What are your recommendations on how to merge external data into an OSM pbf file?

My use case:

  • I have some data like a CSV with osm_id, osm_type, addiontal_tags
  • I want to add those additional_tags to an osm pbf
  • I would use this file with osm2pgsql to make decisions based on the osm tags and additional tags in LUA

I found that brouter has a process for that to add “pseudo tags” before importing the pbf into brouter. Die Berechung der Welt, Generierung von Pseudo-Tags für den BRouter - media.ccc.de (Is that what they do? How?)

I found I could run a full osm2pgsql run, then add tags in SQL, then export this into a PBF again from Postgres following How can we export data from PostgreSQL database into *.osm.pbf? - #2 by Richard. I was hoping for a process that is a bit more direct and maybe faster?

I could probably create artificial changesets and apply those with osmium Osmium manual pages – osmium-apply-changes (1).

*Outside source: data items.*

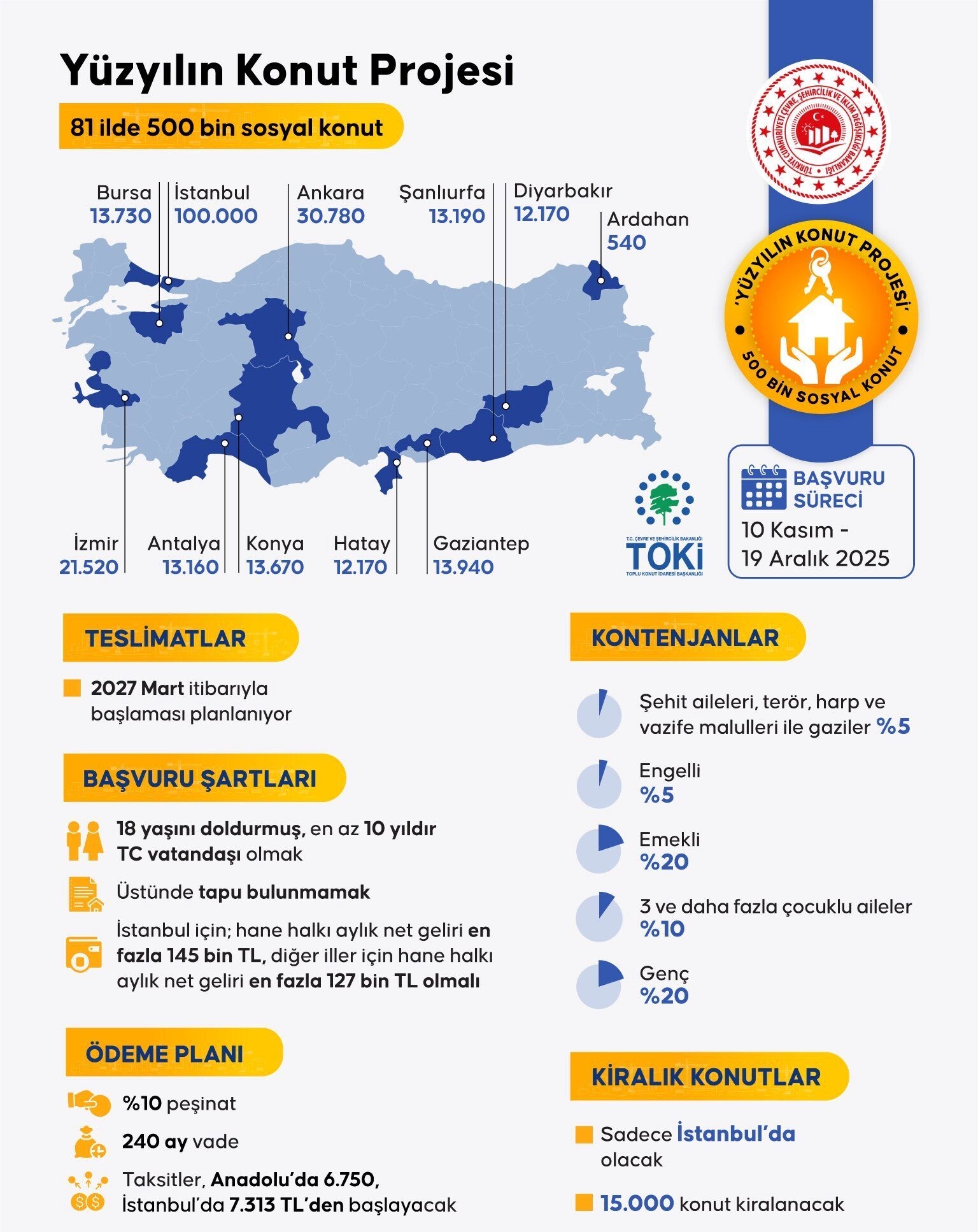 Cumhurbaşkanı Erdoğan, yeni konut projesinin detaylarını da açıklayarak, şunları kaydetti: “Türkiye Yüzyılı’nda Yüzyılın Konut Projesi’ni hayata geçiriyor, 500 bin sosyal konut seferberliğimizi başlatıyoruz. Projemizle 81 ilimizin tamamına toplam 500 bin konut yapacağız. Bu 500 bin konutun 100 binini İstanbul’a ayırdık. İstanbul’umuzun her iki yakasında toplam 100 bin konut inşa edeceğiz. Ankara’ya 30 bin, İzmir’e 21 bin, Bursa, Gaziantep ve Konya’ya 13 bin, Hatay ve Diyarbakır’a ise 12 bin yeni yuva kazandıracağız. Emanetlerine gözümüz gibi baktığımız şehitlerimizin kıymetli ailelerine, kahraman gazilerimize ve engelli kardeşlerimize yüzde 5 oranında ayrı bir kontenjan ayırdık. Aynı şekilde 3 ve daha fazla çocuğu olan ailelerimize yüzde 10’luk bir kontenjan tahsis ettik. Yıllar yılı çalışmış, emeğiyle hizmetiyle bu ülkeye değer katmış emeklilerimizi tabii ki unutmadık. Emekli vatandaşlarımıza da proje kapsamında yüzde 20 kontenjan ayırdık.”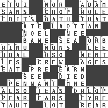 ACROSS 1. Needle holder 5. Not either 8. First of billions? 12. Without 13. Riding implement 15. Hero or heavy, e.g. 16. Prepares for publication 18. Pledge 19. Not this but _ 20. Had dinner 22. Of or relating to Laos or its people 24. Christmas carol 26. Born 27. Object of repulsion 28. Ocean 29. Globe 32. Tall New Zealand timber tree 35. Religious women 37. Area sheltered from the wind 38. Hereditary estate 39. Bear (Spanish) 40. Gone 41. French article 42. Ship's personnel 43. Eons 44. Erode 45. Before (prefix) 46. Merit 49. Observe 50. Passed on 51. Pre-World Series prize 55. Madame (abbr.) 56. In addition 57. Beverages made from leaves 59. Fourth or lowest deck 63. Lightbulb-shaped fruit 64. Hearing organs 65. Jane of fiction 66. Drawn tight 67. Car dealer's back yard 68. Tail end DOWN 1. Compass dir. 2. Small amount or degree 3. Single; one (prefix) 4. Byzantium, centuries later 5. Non-commissioned officer (abbr.) 6. Relating to the mouth 7. Round or rotation of duties 8. Nick name for Arthur 9. Capital of the state of Qatar 10. Actor Alda or Thicke 11. Was introduced to 14. Gives a jingle 17. Portico 21. Car or cant ending 23. Beverage made from leaves 25. Poe poem 28. Frozen precipiation fell 29. Cassini of fashion 30. French philosopher Descartes 31. Stakes 32. Governing power 33. The content of cognition 34. Vertical spar for supporting sails 36. Purpose 40. Nomad 42. Cause to be 45. Writing instrument 47. Direct toward a target or goal 48. San ____ (Riviera town) 49. Derisive sound 51. Entreaty 52. He sold his birthright 53. Be tempered by heat 54. Pacific island yam 56. Fitting 58. Fast jet (abbr.) 60. Potassium hydroxide 61. Mouth or opening 62. For each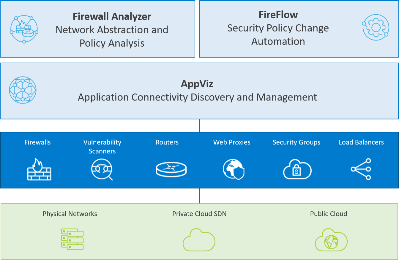 AppViz allows applications owners to view network connectivity based on business needs, and automatically computes and required changes to firewalls and routers. AppViz is available to customers who are already using FireFlow and triggers the relevant FireFlow change requests.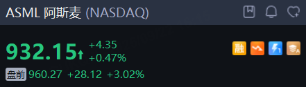 另一方面,阿斯麥盤前漲超3%,摩根士丹利將其歐股目標價從600歐元大幅上調至950歐元。台積電漲0.55%,博通漲0.05%。

That would probably work. (Any examples of this in action?) I assume those artificial changesets would then become the last change for those object (changing the last edit user, last edit timestamp, version) which would not be ideal (but maybe OK…)

Creating artifical changes will probably not work (easily) because you presumably want to keep the existing tags. But there are easier options anyway: One is to use PyOsmium, write a small script that reads the CSV file into memory and then goes through all the OSM data and adds the relevant tags. Another would be to hack something with the OPL file format which all osmium tools can read and write. But you have to make sure you don’t get any duplicate keys that way.

3 Likes

You can do this with pyosmium. It works similar to what is described in the cookbook Adding Relation Information to Member Ways - Pyosmium 4.0.2 :

Load your CSV into three dictionaries, one for each OSM type with osm_id as key and your additional tags as value. Then follow the second part of the cookbook: create a writer for your output file, open a reader for your input file, add three id filters (one for each OSM type) and a `handler_for_filtered(writer). Inside the loop merge the tags and write the new object.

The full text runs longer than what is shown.